### Material supplied
# # # # # # #

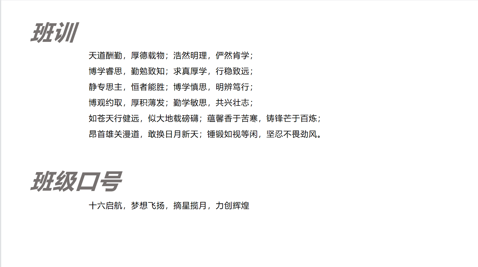 学校“公诚勇毅“校训和“三实一新”校风,激励着一代代的工大学子。八十五载春秋,无数前辈前赴后继地赋予其新的时代内涵。今天,3003新葡的京集团2023级各班以此为立足点,结合班级实际情况、将无限美好的愿景凝练在句句短促而有力的班训中,展现航天学子昂扬向上,奋发图强的精气神。
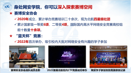 接着,各位班委向大家做了简单自我介绍。未来的学习生活中,大家将携手并肩,共同进步。企业学习,科技竞赛,赛博安全协会…晗导向大家展示了北航人丰富多彩的校园生活。课程学习之余,参加学校组织的各项活动也有助于大家提升自己,增强社交能力。
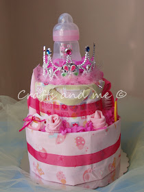 Η δεύτερη τουρτίτσα, προορίζεται για τη μπεμπούλα ενός ζευγαριού από τη δουλειά μου, που γεννήθηκε το Μάρτη. Αν και είχα πει στην αρχή να μην βάλω καθόλου ροζ, τελικά δεν μπόρεσα να το αποφύγω-γίνεται πριγκίπισσα χωρίς ροζ, δε γίνεται!
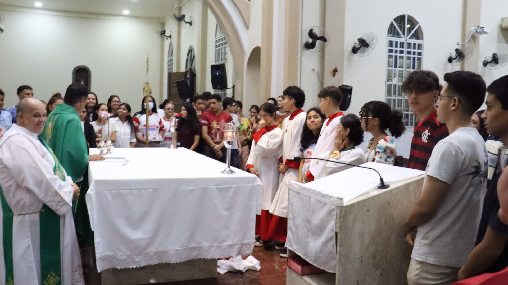 Neste domingo, 27/06, às 19 horas, na Missa da Comunidade São Raimundo Nonato, louvamos e bendizemos à Deus a alegria do serviço pastoral dos Catequistas da Paróquia São Raimundo Nonato, que abraçaram a sua vocação de evangelizar crianças, jovens e adultos. Além disso, damos graças a Deus pela disposição de tantos agentes que atuam nas mais diversas atividades pastorais da Paróquia. Para alegrar mais ainda nossos corações, acolhemos vários crismandos, jovens e adultos, que deram o seu SIM para fazerem a experiência no serviço pastoral em algumas pastorais da nossa paróquia. Ao final, todos rezaram a Oração do Agente de pastoral e receberam uma benção especial.
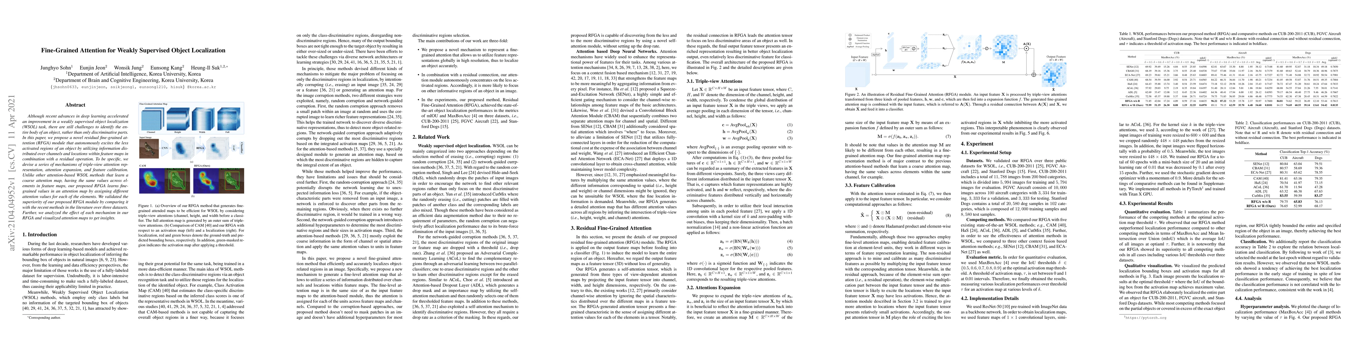 This paper introduces a novel residual fine-grained attention (RFGA) module to enhance weakly supervised object localization by focusing on less activated regions of objects. The RFGA module employs triple-view attention, attention expansion, and feature calibration to generate fine-grained attention maps, outperforming existing coarse attention methods and demonstrating superior performance across three datasets.
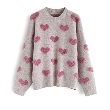 CHICWISH Women's Comfy Casual Pink Fuzzy Hearts Knit Sweater Pullover Sweatershirt
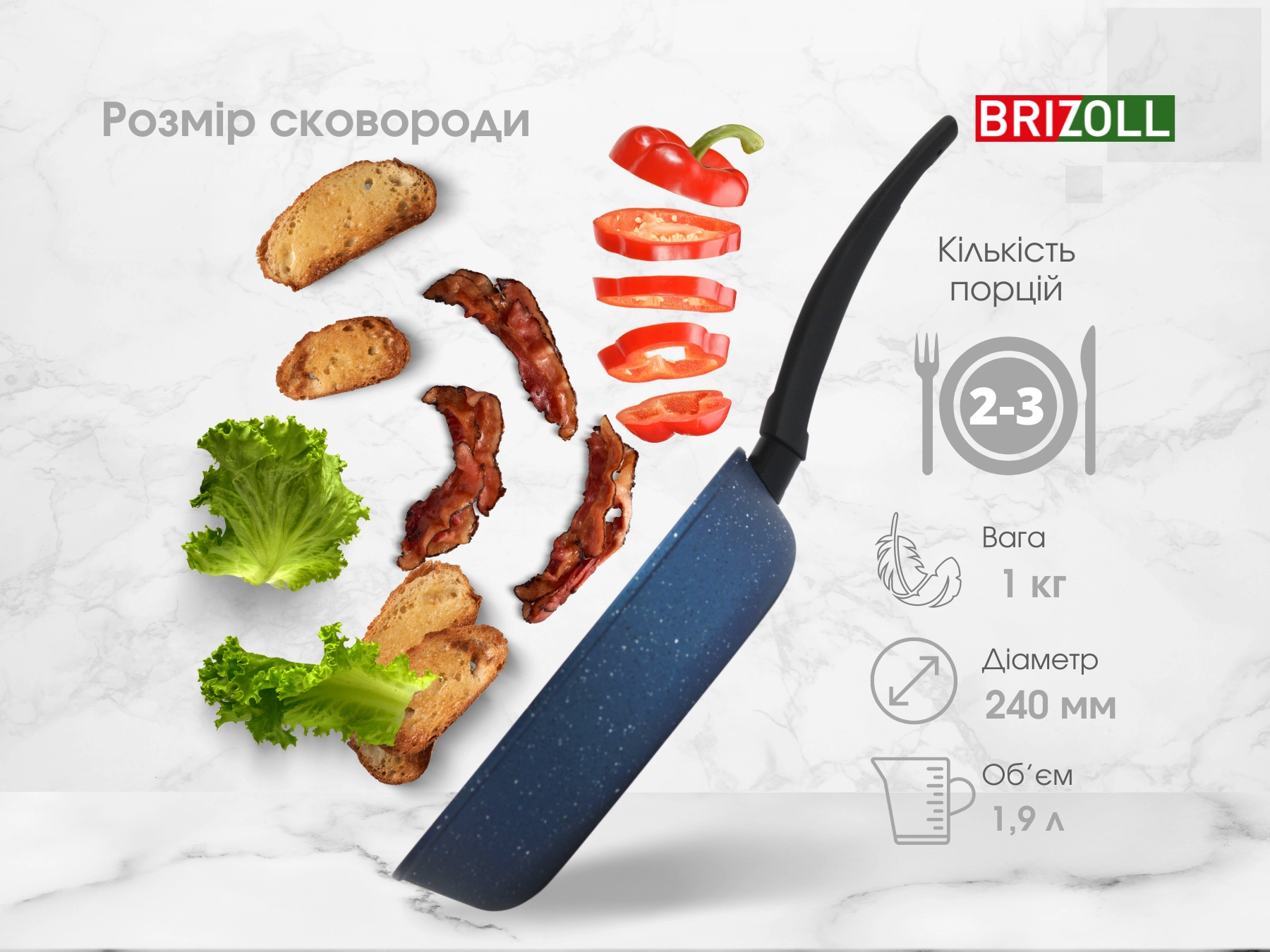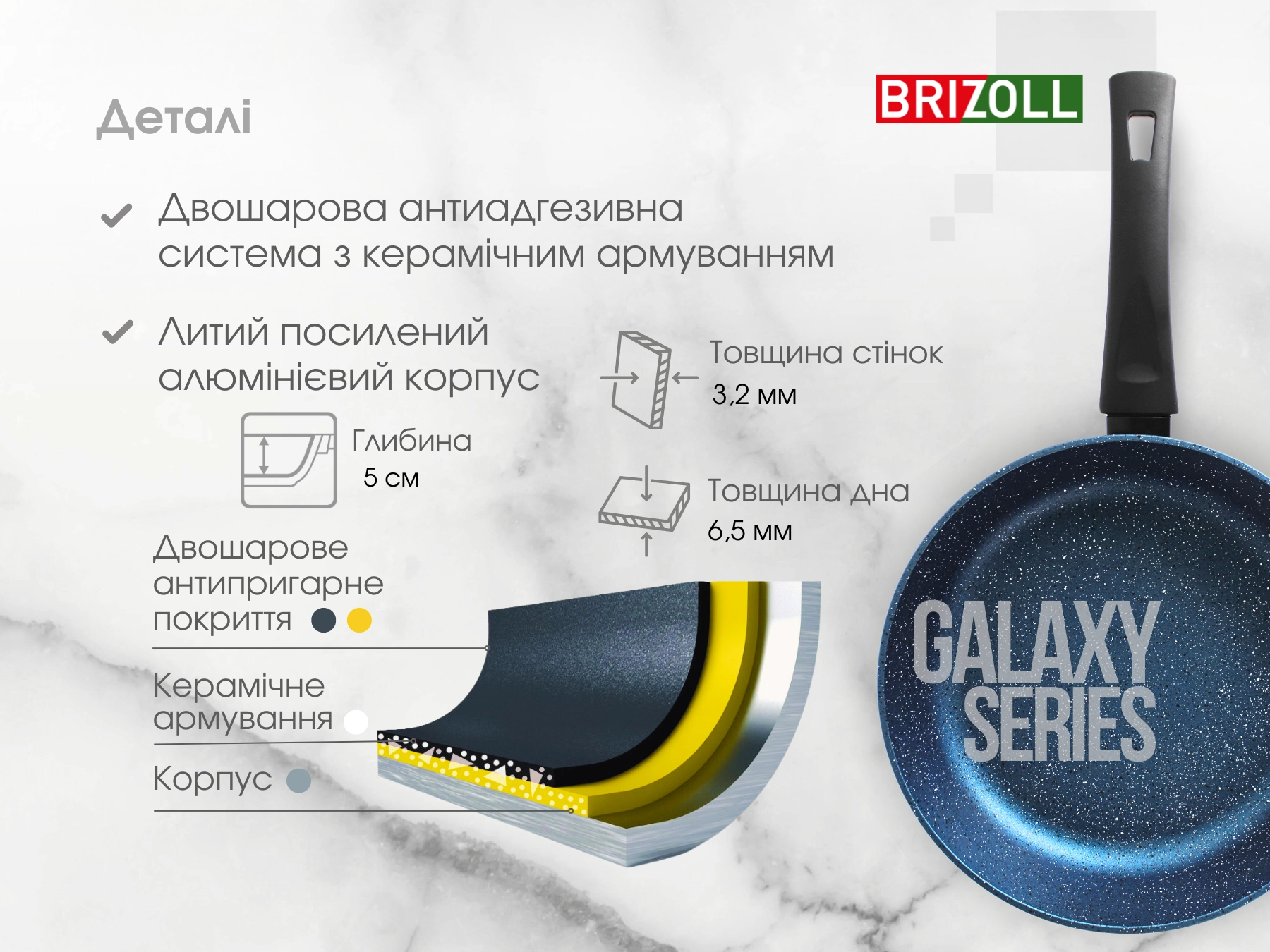 Сковорода 24 см з антипригарним покриттям GALAXY зі скляною кришкою Brizoll 56-2450-6 - купити в магазині
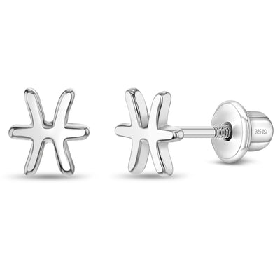 Elevate your little girl's style with these charming Pisces zodiac earrings crafted from polished 925 sterling silver. Each pair showcases her Pisces sign, adding a personalized flair to her ensemble. The hypoallergenic nature of the sterling silver ensures comfort and safety for sensitive skin types, allowing her to wear them with confidence all day long. With their secure safety screw back closure, you can rest assured that these earrings will stay in place. Let her embrace her individuality with these adorable and stylish earrings that are as unique as she is. Gift box included.

# # # # # # #

### What you have to do
Exactly as written, repeat the lines of the material above from the first through the line holding "Η δεύτερη τουρτίτσα, προορίζεται", with both ends in the copy and no pictures.

### Response
 学校“公诚勇毅“校训和“三实一新”校风,激励着一代代的工大学子。八十五载春秋,无数前辈前赴后继地赋予其新的时代内涵。今天,3003新葡的京集团2023级各班以此为立足点,结合班级实际情况、将无限美好的愿景凝练在句句短促而有力的班训中,展现航天学子昂扬向上,奋发图强的精气神。
 接着,各位班委向大家做了简单自我介绍。未来的学习生活中,大家将携手并肩,共同进步。企业学习,科技竞赛,赛博安全协会…晗导向大家展示了北航人丰富多彩的校园生活。课程学习之余,参加学校组织的各项活动也有助于大家提升自己,增强社交能力。
 Η δεύτερη τουρτίτσα, προορίζεται για τη μπεμπούλα ενός ζευγαριού από τη δουλειά μου, που γεννήθηκε το Μάρτη. Αν και είχα πει στην αρχή να μην βάλω καθόλου ροζ, τελικά δεν μπόρεσα να το αποφύγω-γίνεται πριγκίπισσα χωρίς ροζ, δε γίνεται!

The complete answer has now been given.